How we do that remains to be discussed -- for this case, the band aid
is sufficient, I guess.

Having a DB sanity check pass is an interesting idea -- CC'ing Andreas
Ringlstetter, who is AFAIK working on related cleanups. We may need
both, an "fsck" for populated data bases (no fixing, just checking), and
more checks in the code.

Somewhat agreed, data dependencies should be managed and checked in a
central location.

Even though that is different from extended plausibility checks on the
database, these should in fact reside in the database abstraction layer,
respectively (due to the lack of such a thing in codeface) in the

we don't provide a DB abstraction layer on purpose. The probability that
we will ever support different database implementations for the same
type of data is about \eps/2 because a) mysql works fine, b) we have no
manpower to maintain the layer (resp. there are more important things
to research), and c) I'm not aware of a problem that the layer would
solve.

Checks could go into a specific layer, but that would be for the
purpose of checking correctness, not abstracting DB operations.

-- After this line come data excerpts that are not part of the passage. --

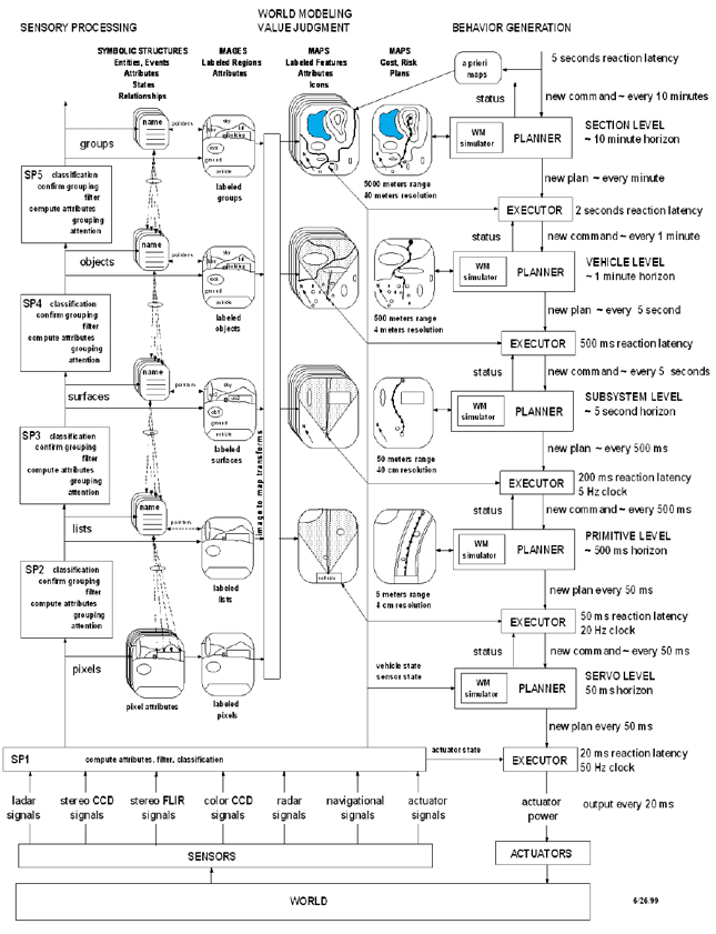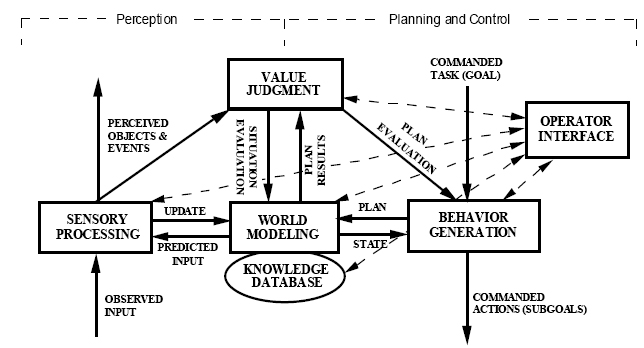 The world model is a best estimate of the state of the world, including the state of the control system itself. Task modules at the same level shared information about the state of the world, but different levels access different parts of the world model. Expert systems (i.e., symbolic or rule-based systems) may reside at the top two or three levels. The bottom level makes use of conventional control theory to operate variables of suitable mechanisms (e.g., wheels, propellers, or servos). The top of the hierarchy can accommodate programs for achieving cooperative behavior among several autonomous vehicles, but a single vehicle can also be accommodated. The world model is closely coupled to the value judgment module, which determines and updates priorities.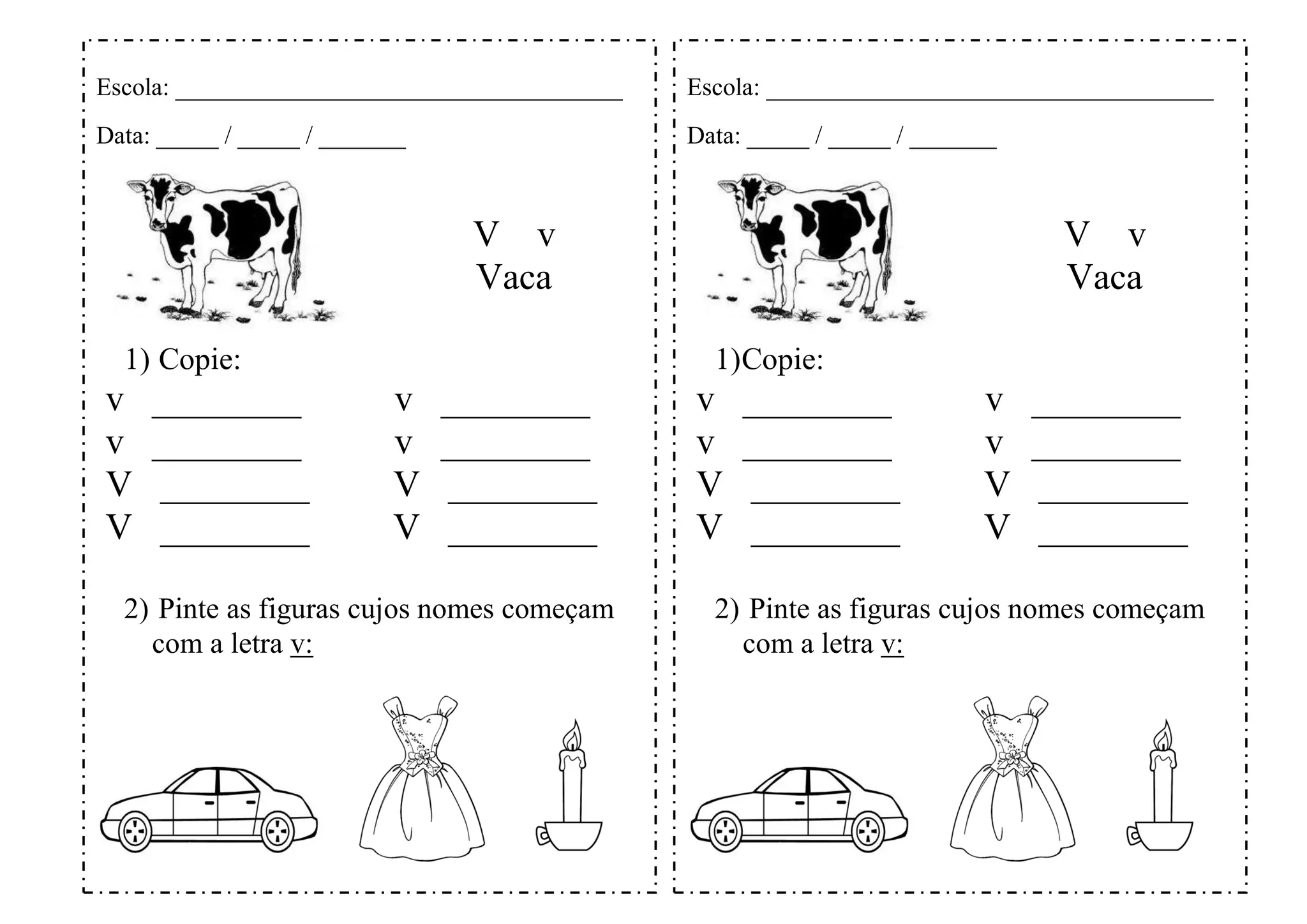 O documento é um exercício escolar para crianças que inclui instruções para copiar e pintar figuras de animais cujos nomes começam com a letra V, como vaca. As crianças devem copiar e pintar figuras de vacas nos espaços fornecidos.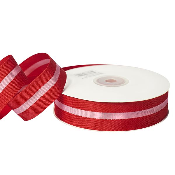 / Лента хлопковая “Полоса”, 25mmx25yards, цв. красный с розовым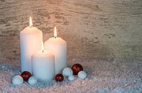 Advent en Kerstmis seizoen decoratie met drie kaars vlammen, rode en witte ballen, sneeuw en houten achtergrond, kerstkaart, kerst ornamenten, kerstversiering, wenskaart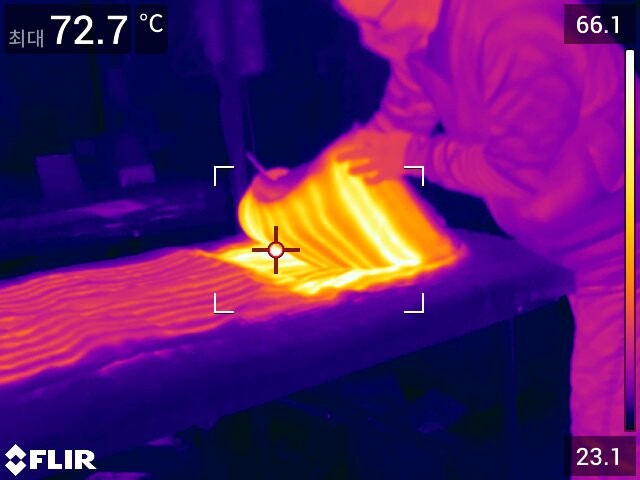 이번 실험은 소방재난본부와 협업하여 가정에서 사용하는 동일한 세트로 제작하여 실시하였고 전기장판 위에 1시간 동안 올려진 극세사 이불에서는 온도가 72도까지 상승하여 화재위험이 있는 것을 확인했다.

sparingly used helper functions. The rational for this, is that these
type of checks actually represent an extension of the schema.

However, that's only for catching inconsistencies or schema violations.
Such as modules trying to write out invalid data, or data fetched from
the DB containing invalid values.
E.g. someone trying to insert an ML response into the data base with the
date of the response predating the original message.

Not for cases where entire modules have just been executed out of order,
so data models haven't even been filled yet.

What I was suggesting, was to loosen the coupling between these
"modules" we have right now, introduce a central router/schedule and
have these modules announce their dependencies (and outputs) to the
scheduler. Well, these "dependencies" would be more or less just free
form event names.

The control flow is usually nothing we have had problems with. What
caused issues in the past is that some part of the DB has not been
filled in as expected because of unforeseen problems with the
real-world data (for instance, a release range with no commit).
Pre/Postcondition checkers would help in these cases.

Isn't the focus of this patch the issue that the control flow changed (a
stop condition was removed)?

with control flow, I was referring to the order in which various
passes are executed. The order as such is not changed by the patch.
What we could run into without stop() is that one pass will be run
with incomplete input data, which could not happen before.

OK, what I suggested would be overkill to patch in, it's just what I
originally had in mind.

Simple pre/post-conditions would already suffice. At least as long as
failures in these tests are actually treated as fatal.

But then again: That requires to add defensive checks in a lot of
locations. On the call site, that is. So it still means a lot of
refactoring.

The precondition should not be embedded into the function which fetches
or write the data, but be outsourced to a function which only tests the
condition and reliably errors out when it isn't fulfilled.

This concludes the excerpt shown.